The Internet is a great vehicle for public diplomacy and I would even argue the most significant platform used to promote a nation’s interests abroad. Often times it is information posted on embassy sites, whether cultural or informational, that give people insight on the views of a particular country within the borders of their host country. However, some countries have a skewed view of other nations based on Internet governance with strict censorship laws. Whenever a country has to deal with someone’s opposing opinions on touchy topics such as (but aren’t limited to) political views, culture and history, and human rights of another nation *cough* China *cough cough* they block it so it never gets the opportunity of entering the minds of their citizens.
I hate to talk about China, but who doesn’t think of this country as soon as someone says censorship?
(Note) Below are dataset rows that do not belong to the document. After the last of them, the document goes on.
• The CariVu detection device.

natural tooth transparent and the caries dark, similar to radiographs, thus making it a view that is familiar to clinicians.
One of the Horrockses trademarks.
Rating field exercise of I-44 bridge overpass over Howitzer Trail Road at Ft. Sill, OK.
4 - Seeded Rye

China’s censorship acts as an impenetrable force that doesn’t allow specific outside influences to be absorbed by the minds of their citizens. Unless they’re exposed to the free-flow of information on the Internet from other countries, than as far as China and may other heavily censored nations, public diplomacy efforts are going to waste.
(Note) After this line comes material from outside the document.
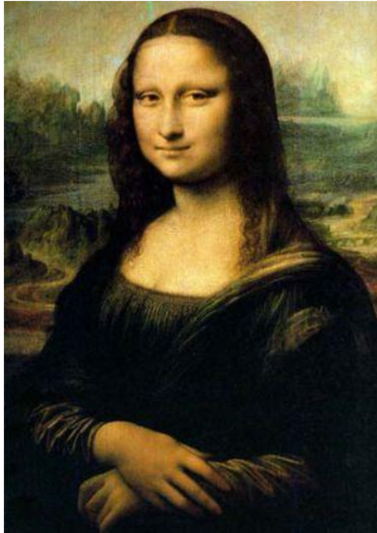
Mona Lisa (Giocondo ) 1503-1505

It’s the same for media censorship in China. There are certain media outlets that are deemed “potentially dangerous” and can’t be viewed, especially during times of controversy. Bloomberg news and the New York Times are some of the many media outlets that have been blocked due to articles about government leaders that could lead citizens to question what kind of people are leading them. Even social media sites like Facebook and Twitter are not allowed to be accessed. Foreign correspondents often deal with the hassle of getting permission before they can even enter the country. China fears exposure and sensitive subjects like corruption so they control what international journalists say. If the correspondents somehow manage to get into China, restrictions are often placed on their reporting style, the government tries to intimidate them, and sometimes they’re placed under surveillance so the government can keep an eye on what it is they’re trying to report.
The value of public diplomacy and media/journalism decreases when it’s censored by other nations. Heavy censorship is a form of Internet governance that impacts the effectiveness of public diplomacy and media/journalism. If China and countries alike don’t loosen their grip on censorship and how they use it to “protect” their citizens from outside influences, in time it may cause even bigger problems within the country.